From a Chinese medicine perspective, redness is seen as heat, or inflammation as it’s more commonly understood. Using face-reading the location of the redness helps to determine where it’s coming from. For example, redness between the brow can often indicate anger or long-term frustration, as this is the area of the liver. It can also indicate heat in the liver which not only has an emotional component, but also a more obvious one like a history of regular alcohol consumption. This redness may be temporary or stay all the time depending on the severity.

I see a lot of rosacea in clinic which typically resides in the cheeks, forehead and chin. The cheeks in Chinese medicine overlap with a few organs. There could be issues with the lung, stomach or heart, so I narrow it down with some questions. Do your cheeks only get red on exertion? Do you sweat easily on exertion? Do you have asthma? (Lung) Do you get extreme hunger? Do your cheeks become red when you eat certain foods? Do you crave cold drinks? (Stomach) Do you flush when you become embarrassed? Do you get heart palpitations? Do you have insomnia? (Heart) There are many more questions I go through, these are just a few that help to narrow down which meridians to work with.


Areas of the face that are prone to puffiness are typically under the eyes and the neck/jawline area. Puffiness and swelling are typically associated with the spleen and kidneys in Chinese medicine. These organs are both mainly responsible for the distribution and excretion of fluids, so if either of them isn’t happy puffiness may prevail. In some cases, the whole face can become puffy from impaired lung function. I would use specific questions, plus pulse and tongue to determine which meridians need some attention. Diet, lifestyle, stress and constitution all play a part in being prone to puffiness.
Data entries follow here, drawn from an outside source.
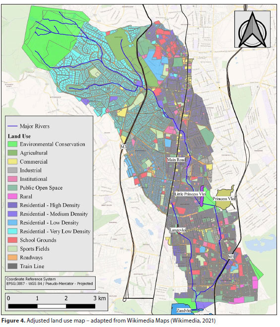 Three existing large stormwater ponds were included in the model: Little Princess Vlei, Langevlei, and the Maynardville Park Pond.
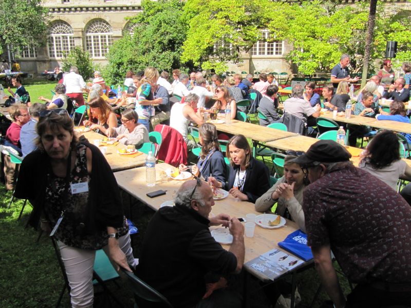 Une centaine de professionnels, programmateurs ou responsables de salles, artistes ou membres des compagnies, médias et élus des collectivités se sont donnés rendez-vous dans le jardin de l’ancien couvent. En début d’après-midi, un échange collectif est organisé par le Fourneau sur le thème « Création artistique en espace public : censure et autocensure ». La journée permet aussi aux professionnels d’assister aux spectacles programmés. Pour l’instant, ils débutent les conversations autour d’un buffet ensoleillé tandis que les élus de la COCOPAQ y organisent une rapide réunion !
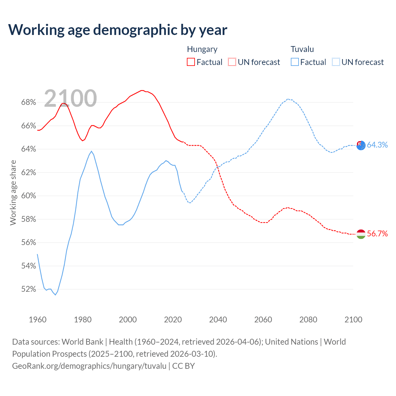 - Hungary has 6.12M working age adults (aged 15-64) vs 5.64K in Tuvalu.
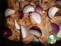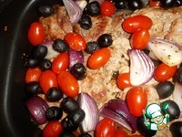Описание: В оригинале это свинина, но я свинину стараюсь не употреблять, а вот муж ее обожает. Готовила это блюдо частично из свинины, частично из телячьей вырезки. Время приготовления мяса одно и то же. Красивое оригинальное блюдо. Можно подавать на праздничный стол. Если готовить с телячьей вырезкой, то низкокалорийное. Овощи получаются "аль денте" то есть упругие.
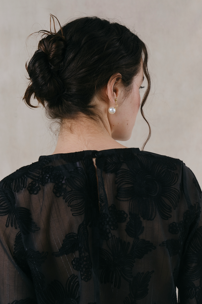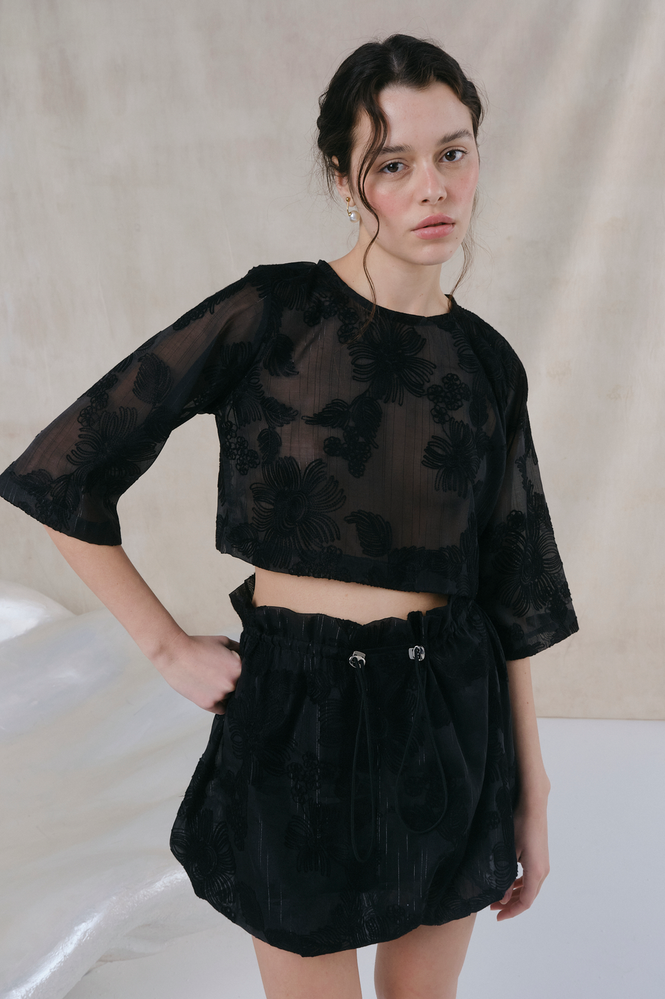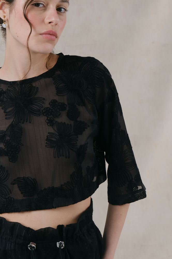 Blusa con manga al codo y escote redondo, confeccionada en organza bordada en hilo. Acceso mediante gota en espalda y botón personalizado. Fit recto de largo cropped. Ideal para combinar con otras prendas de la familia Amara. Compuesta por 100% poliéster. Cuidados: lavar a mano con agua fría, no retorcer, colgar del revestimiento, planchar con plancha tibia.
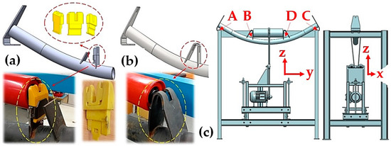 Placement of the conveyor roller axle in the support cut-out welded to the cross bar of the firm conveyor idler, (a) plastic roller holder, (b) plastic roller holder, (c) coordinate system and measuring points A–D. Sensor position A—left side, B—left middle side, C—right side, D—right middle side.
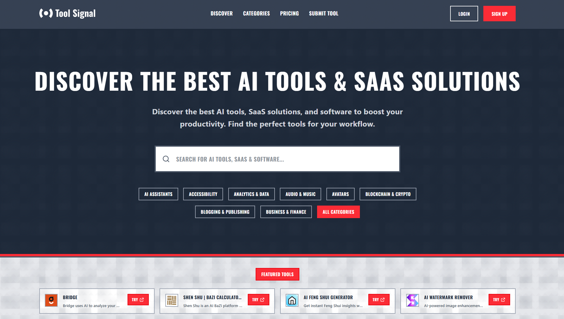 Tool Signal is your signal in the noise—an all-in-one directory to discover the best AI tools, SaaS platforms, and productivity software for your workflow. Whether you're an entrepreneur, marketer, developer, or creative, Tool Signal helps you cut through the clutter and find exactly what you need—fast.
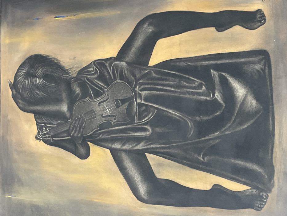 A grayscale artistic depiction features a figure reclining, shrouded in dark fabric. The figure holds a violin, their face partially obscured by hair. Limbs extend out from under the fabric, culminating in feet. The background is a muted gradient of color, with the figure's dark tones contrasting.
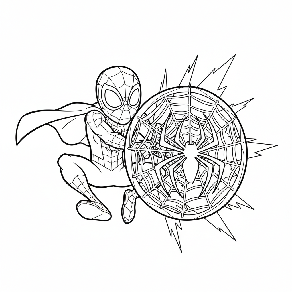 A delightful spidey coloring page featuring Spidey using web to create a shield protection. Perfect for kids and adults who love coloring!
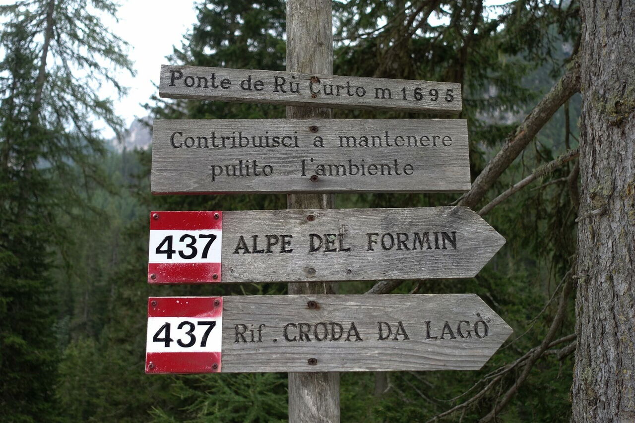 Der Aufstieg durch das Valle Formin, zu Füßen des Bergmassivs Croda da Lago, ist landschaftlich wunderschön. An der 1.845 m hoch gelegenen Weggabelung Cason de Formin gehen wir geradeaus. Ab hier hat der Wanderweg die Nummer 434. An der nach ca. 60 m folgenden 04 Weggablung (1.861 m) ignorieren wir den links abzweigenden Sentiero zur Cason de Formin und folgen dem durch eine Rechtskurve weiterführenden Pfad.

The neck/jawline can also be recognized as slow lymph drainage or a sluggish thyroid gland. Along with the appropriate plan, my patients can also work on reducing puffiness in these areas at home using their gua sha tools. If you’ve had a session with me, you’ll know how jazzed I am about the ancient Chinese technique using a heart shaped jade tool to gently scrape the face to increase collagen production, and in this case stimulate the lymphatic system. Using a downward motion from the jawline to the top of the collar bone, you can literally move fluid from your face and stimulate the lymph system to deal with it. The same can be done to reduce puffiness under the eyes. Along with regular acupuncture sessions, my patients often see fast results in the reduction of their puffiness.


You can go deep into face-reading and find some information that sounds as if a fortune teller is reading your palm, but If you approach it with an open mind you’d be surprised what you might notice in the people you meet. It takes practice, but you can start by simply observing someone’s facial colour. Pale, red, yellow tinge, dark under the eyes, green hue toward the temple. These are all things Chinese medicine practitioners are taught to interpret. If it all gets too complicated, I just go back to assessing the state of their spirit, or “shen” because that’s at the core of what lights up in a person’s eyes and entirety of their facial expressions. If a person is healthy and their spirit is strong, they’re connecting with the world around them, their skin is glowing, and their eyes are bright. I think we can all agree, when we’re feeling our best it shows.